**Exercise requirements**.
The data below should be restated word for word, with every picture omitted.

**Collected material**.

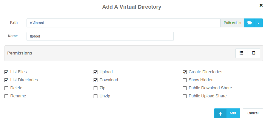 Cerberus FTP Server offers a virtual directory system allowing the administrator to attach any directory or drive to a user account’s root folder. Having a virtual directory (VD) gives administrators the ability to customize user account permissions to designated folders.
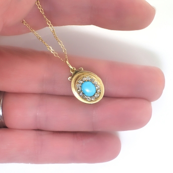 Jewelry Finds Archive Vintage Art Deco 1930's .67ct t.w. Turquoise & Old Mine Cut Diamond Pendant Necklace 14k Gold
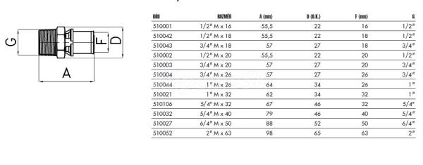 IVAR.PT 5608 Prechodka PRESS - pre potrubie ALPEX, vonkajší závit 1/2"Mx16
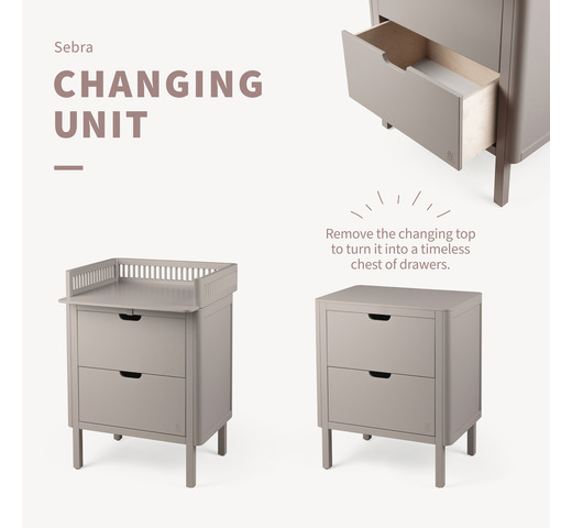 Deze stijlvolle verzorgingstafel is een 2-in-1-ontwerp, en kan dus heel eenvoudig omgebouwd worden tot een opbergkast. Combineert mooi met het Sebra bed uit dezelfde collectie.

**Your solution**.
 Cerberus FTP Server offers a virtual directory system allowing the administrator to attach any directory or drive to a user account’s root folder. Having a virtual directory (VD) gives administrators the ability to customize user account permissions to designated folders.
 Jewelry Finds Archive Vintage Art Deco 1930's .67ct t.w. Turquoise & Old Mine Cut Diamond Pendant Necklace 14k Gold
 IVAR.PT 5608 Prechodka PRESS - pre potrubie ALPEX, vonkajší závit 1/2"Mx16
 Deze stijlvolle verzorgingstafel is een 2-in-1-ontwerp, en kan dus heel eenvoudig omgebouwd worden tot een opbergkast. Combineert mooi met het Sebra bed uit dezelfde collectie.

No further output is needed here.